Tel est pourtant le roi aimable et spirituel que l'on nous montre couché sanglant sur un lit d'agonie, torturé par d'horribles remords et disant avec terreur à sa nourrice, vieille huguenote ménagée, ajoute-t-on, par ses ordres:

—«Ah nourrice! que de sang, que de sang!»

Les amours de Charles IX et de Marie Touchet forment un contraste remarquable avec les amours de tous les rois dont nous venons de parler.

Ici point de bruit, point de faste, point de scandale. Marie Touchet n'est pas une favorite ambitieuse, c'est une maîtresse dévouée; Charles IX eut ce rare bonheur d'être aimé pour lui-même.

Marie Touchet était fille d'un bourgeois d'Orléans, Jean Touchet, lieutenant particulier au présidial d'Orléans selon les uns, apothicaire ou parfumeur selon les autres, dans tous les cas un des beaux esprits du temps, car plusieurs poëtes lui firent des dédicaces. C'est à Blois, au retour d'une chasse, que le roi, qui n'avait encore que dix-huit ou dix-neuf ans, aperçut cette charmante fille; il ne put la voir sans l'aimer.
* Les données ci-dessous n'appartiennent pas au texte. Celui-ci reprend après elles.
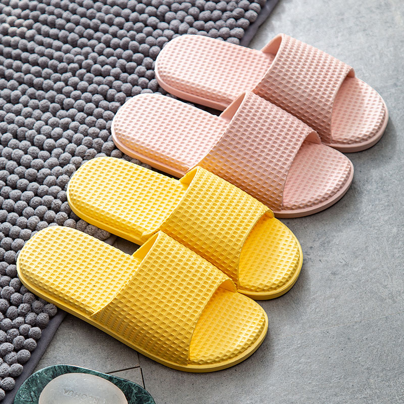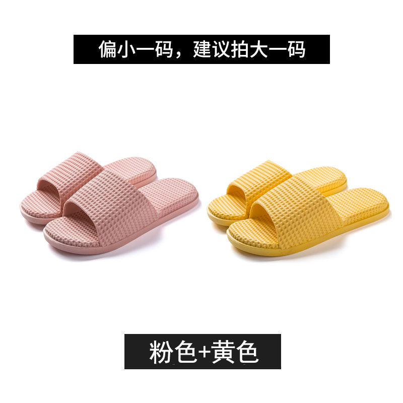 纯色华夫格浴室居家PVC凉拖鞋两双装【PVC/浅粉+黄色】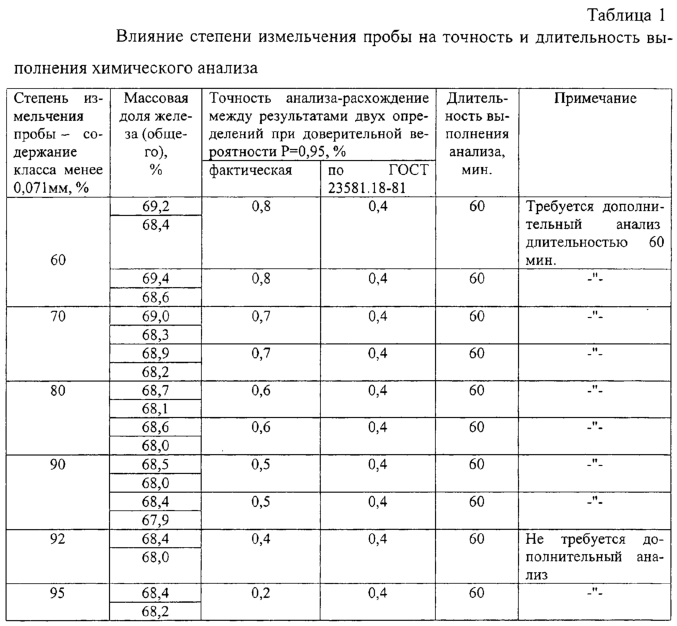II Расчет содержания металлических включений (табл.2.) 1 Содержание металлических включений размером более 50 мм Остаток шлака 100,0-2,5=97,5% 2 Содержание металлических включений размером более 40 мм Остаток шлака 100,0-0,8=99,2% 3 Содержание металлических включений размером более 20 мм Остаток шлака 100,0-8,4=91,6% 4 Содержание металлических включений размером более 10 мм Остаток шлака 100,0-18,1=81,9% 5 Содержание металлических включений размером более 3,0 мм Остаток шлака 100,0-19,6=80,4% 6 Содержание металлических включений размером более 0,5 мм Остаток шлака 100,0-9,8=90,2% 7 Содержание металлических включений размером более 0,16 мм Остаток шлака 100,0-6,0=94,0%, 8 Содержание шлакового остатка в объединенной пробе 0,90×0,902×0,804×0,819×0,916×0,992×0,975×100=45,9% 9 Содержание металлических включений в объединенной пробе 100,0-49,5=50,5% Определение железа (общего) в железосодержащих материалах, в том числе и в шлаках, производится по ГОСТ 23581.18-81. – Руды железные, концентраты, агломераты и окатыши. Метод определения железа (общего). Статистические данные показывают, что массовая доля железа (общего) в конвертерном шлаке фракции 10-50 мм изменяется от 50 до 70%, то согласно п.4.2 этого ГОСТа при массовой доле железа от 50 до 70% расхождение между результатами двух определений при доверительной вероятности Р=0,95 (точность анализа) не должно превышать 0,4%. Химический анализ пробы осуществляется в параллелях – в двух навесках массой по 0,5 г каждая. В среднем на выполнение анализа одной параллели затрачивается 60 минут. При расхождении между результатами двух определений более 0,4% из этой же пробы берутся новые две навески массой по 0,5 г, и анализ повторяется. В результате чего длительность анализа увеличивается на 60 минут, т.е. в два раза. При повторном расхождении между результатами двух определений более 0,4% проба отправляется на доизмельчение. Точность анализа зависит от степени измельчения пробы – содержания класса менее 0,071 мм. Влияние степени измельчения пробы на точность и длительность анализа приведено в таблице 1. Как показывают данные таблицы 1, при степени измельчения пробы 92% и более процентов достигается необходимая точность анализа и длительность его сокращается на 60 минут.

La beauté de Marie Touchet était éblouissante, et, chose rare à cette époque, son esprit «était aussi incomparable que sa beauté;» elle avait, dit un écrivain du temps, «le visage plus rond qu'ovale. Ses yeux, trop grands peut-être, avaient une expression de douceur infinie; son nez était du dessin le plus fin; ses cheveux noirs et merveilleusement abondants; et sa bouche rose et mignonnette s'ouvrait sur des dents plus blanches que neige.»

Enfin, elle méritait de tout point l'anagramme que son amant fit plus lard de son nom: Marie Touchet, je charme tout.
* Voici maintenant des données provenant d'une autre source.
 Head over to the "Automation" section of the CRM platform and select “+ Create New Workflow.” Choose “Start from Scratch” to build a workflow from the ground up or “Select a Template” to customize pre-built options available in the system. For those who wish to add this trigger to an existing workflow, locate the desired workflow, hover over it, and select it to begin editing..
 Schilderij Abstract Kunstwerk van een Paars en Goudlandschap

Longtemps la passion du jeune roi pour la belle Marie Touchet fut un secret à la cour: Charles IX redoutait pour sa douce maîtresse la colère de Catherine de Médicis. L'ambitieuse était jalouse de tous ceux qui approchaient son fils. Toujours elle craignait de voir s'élever quelque influence qui pût contre-balancer la sienne.
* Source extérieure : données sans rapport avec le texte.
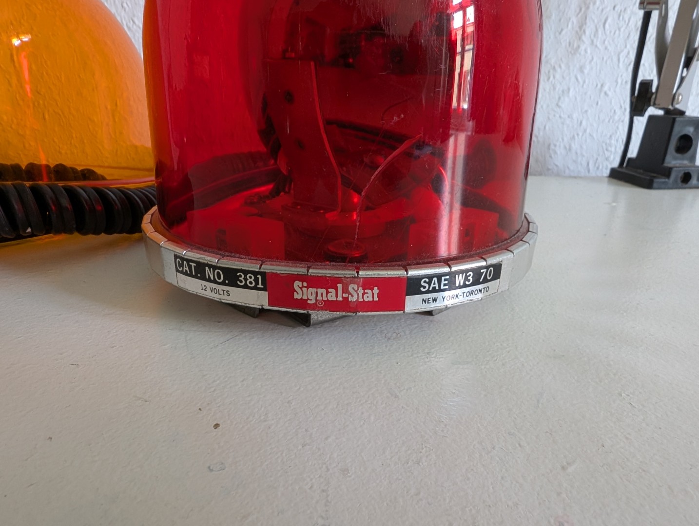 Lampen: GE 1195 Model: 381 Volt: 12V Produktionsjahr: ab 1970, mein Modell vermutlich ein spätes Exemplar Ich bin in der Sammlung über diese teardrop gestolpert und musste feststellen, dass ich sie noch nicht vorgestellt habe. Im Grunde keine Besonderheit, ist die 381 baugleich zur SVP 1166 und sämtlichen anderen Modellen der 1166 Reihe. Leider ist die rote Haube eingerissen und dazu noch an der Front. Und die amber Haube ist scheinbar ein Produktionsfehler, denn sie passt nicht sauber auf das Unterteil. Sie ist auch ca. 2mm kürzer als die rote Haube. Beide tragen aber die Markierungen "Signal Stat 367". |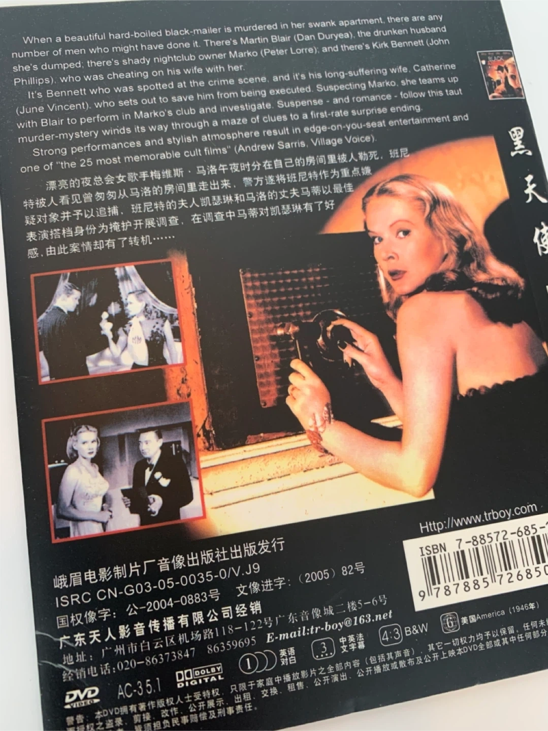 A murder mystery unfolds in this thrilling film. It's a suspense and romance story with edge-of-your-seat entertainment. The DVD includes strong performances and stylish atmosphere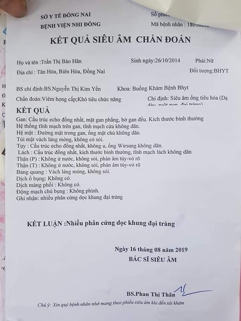 Trước đó, vào sáng 16/8, cháu Hân sốt nhẹ nên gia đình đưa cháu tới Bệnh viện Nhi đồng Đồng Nai khám. Tại đây qua thăm khám, các bác sĩ chuẩn đoán cháu bị viên họng cấp, khó tiêu chức năng và kết luận: “Nhiều phân cứng dọc khung đại tràng”. Sau đó các bác sĩ kê đơn thuốc rồi cho bé ra về để gia đình theo dõi.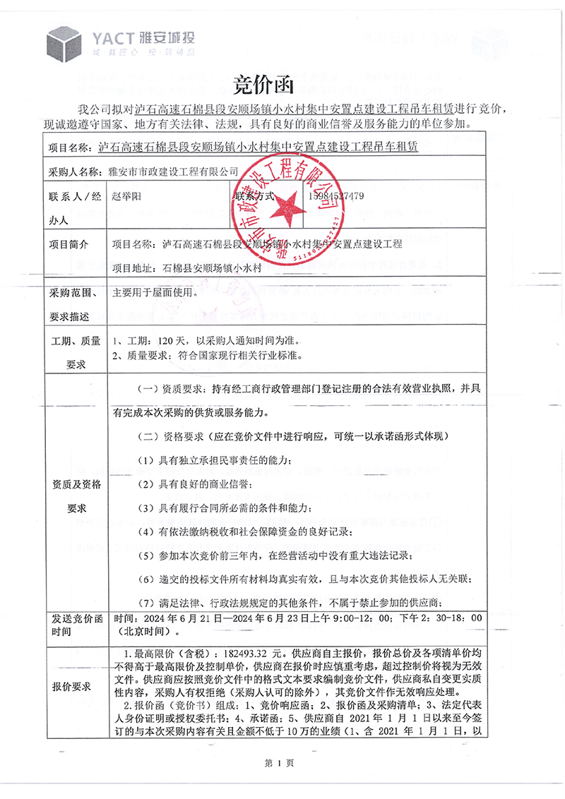 瀘石高速石棉縣段安順場鎮(zhèn)小水村集中安置點建設(shè)工程吊車租賃競價函

Il eût été dans son caractère de donner une amie à son fils, quelque belle fille d'honneur dont elle eût été sûre; elle devait craindre une femme étrangère qui pouvait apprendre au roi qu'après tout il était le maître.

Un profond mystère entoure donc les commencements de ces amours. Charles IX n'avait qu'un seul confident. Lorsque la nuit était venue, que chacun croyait le roi enfermé dans ses appartements, il s'enveloppait d'un grand manteau sombre, rabattait un large feutre sur son visage et s'échappait par quelque porte secrète du château; seul le plus souvent, sans penser que plus d'un chef huguenot ne se fût fait aucun scrupule de s'emparer de sa personne royale.